I had fun. Wind whistled up from an unseen valley and an invisible waterfall crashed into the abyss under a slippery suspension bridge.


At the end of the suspension bridge I climbed some steps to a grand lookout with information boards telling me all about the fantabulous view I couldn't see.  No matter, I did photo favours with a lovely Japanese couple and we all acted as if we could see fantastic things.

Whee!

There was a restaurant at the lookout, but Swiss prices with tourist upgrades were enough to cause apoplexy. We dined outdoors instead, scoffing slightly squashed chocolate and cheese pretzels that had survived the trip up the mountain in our backpacks.  Then, deciding to swap one set of clouds for another, we caught the gondola back down to Grindelwald to catch another gondola up to Mannlichen, with stunning views in the valley as we dropped briefly below the clouds. 

A disembodied voice in the gondola assured me that the north face of Eiger was out there on my left but nope, just clouds.

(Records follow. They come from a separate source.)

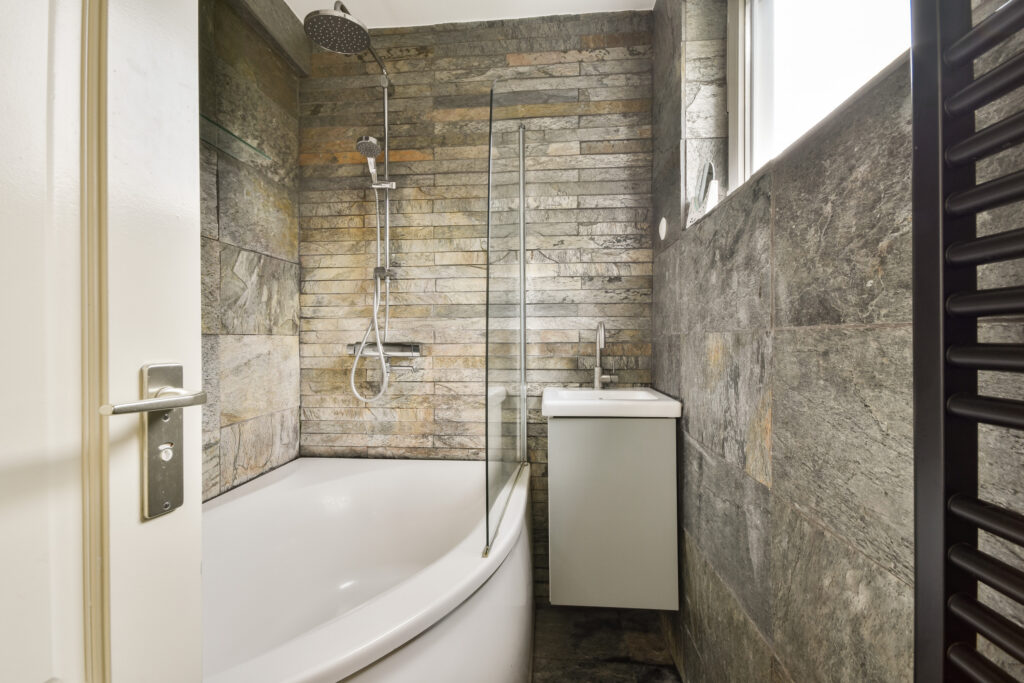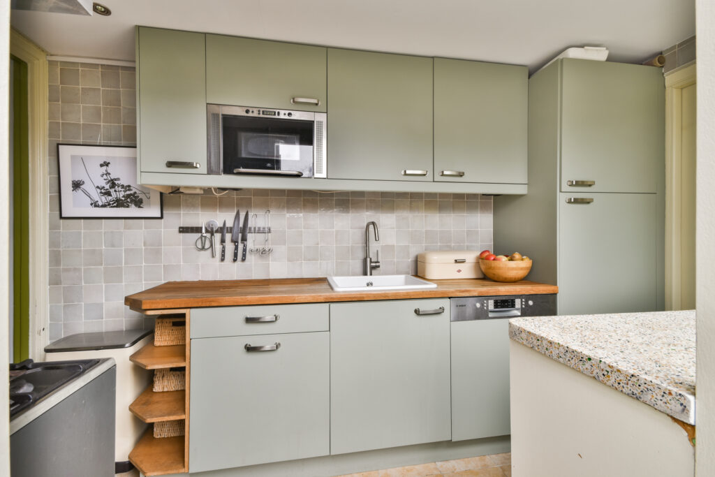 The kitchen is equipped with various built-in appliances, including an oven and gas stove from around 2020. Adjacent is the bathroom, fitted with a modern shower and a new washbasin cabinet.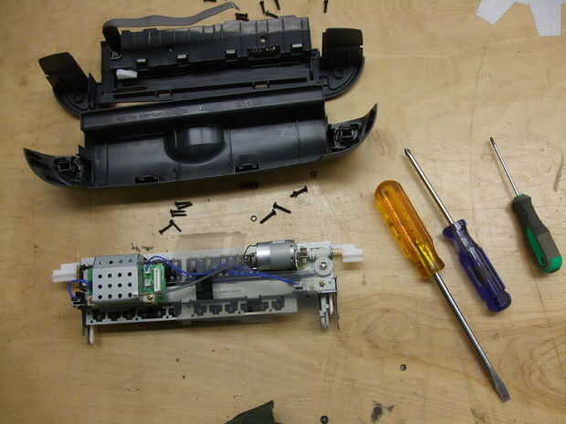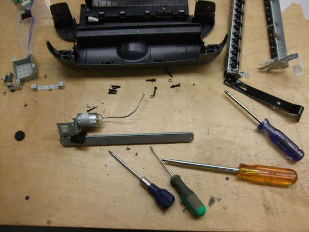 necesitaré algo para alimentar la varilla a la piscina de metal fundido.  Hmm, algo de la máquina, impresora fax roto.  Tenía algún tipo de mecanismo de corte de papel, pero creo que va a ser mucho más feliz mi varilla tig de alimentación.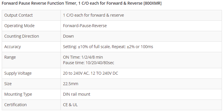 Forward Pause Reverse Function Timer, 1 C/O each for Forward & Reverse [800XMR]

Mannlichen was pretty much deserted with not a skerrick of the hustle and bustle over at First. We found a picnic room complete with table and chairs, and ate more chocolate while regretting not bringing our flasks with hot coffee.

A picnic room is a truely delightful invention for climates such as Switzerland's. 

The Mannlichen lookout was, I'm sure, blessed with beautiful views. 

Now that would be a downhill ride worth doing.  If you could see where you were going, that is.

Mannlichen outlook.

Small spatters of snow fell as we made our way across to the last gondola which took us down the other side of the mountain to Wengen, a breathtaking descent even with poor visibility.

Down.

Wengen was below the cloud ceiling: cliffs towered over fat Swiss cattle grazing with a backdrop of picturesque Swiss houses. I watched the gondola disappear back up into the clouds. Wengan was a ski town without the usual accoutrements of ski towns, like ski runs. This problem was neatly solved by sending all the skiers up the gondola where they could spend their day skiing on the Mannlichen side and then gondola back to spend their money in Wengen at night.  

Not that the cows cared.

Wengen from the gondola, incoming.

All gondola'd out for the day, we caught a final train back down another narrow valley, along a railway tucked between tall cliffs and a rushing stream of milky water hurrying to be somewhere else. 

Rain still fell in Interlaken. The Happy Hostel smelled of garlic and beer in the public rooms, and rice and coffee in the back kitchen where us hostel guests gathered to peruse the kettles and use the grown up cups. An American lady loudly enthused over the concept of using a kettle to boil water for tea. We swapped gondola/train stories with other travellers over a cup of tea (boiled in a kettle no less) and went to bed.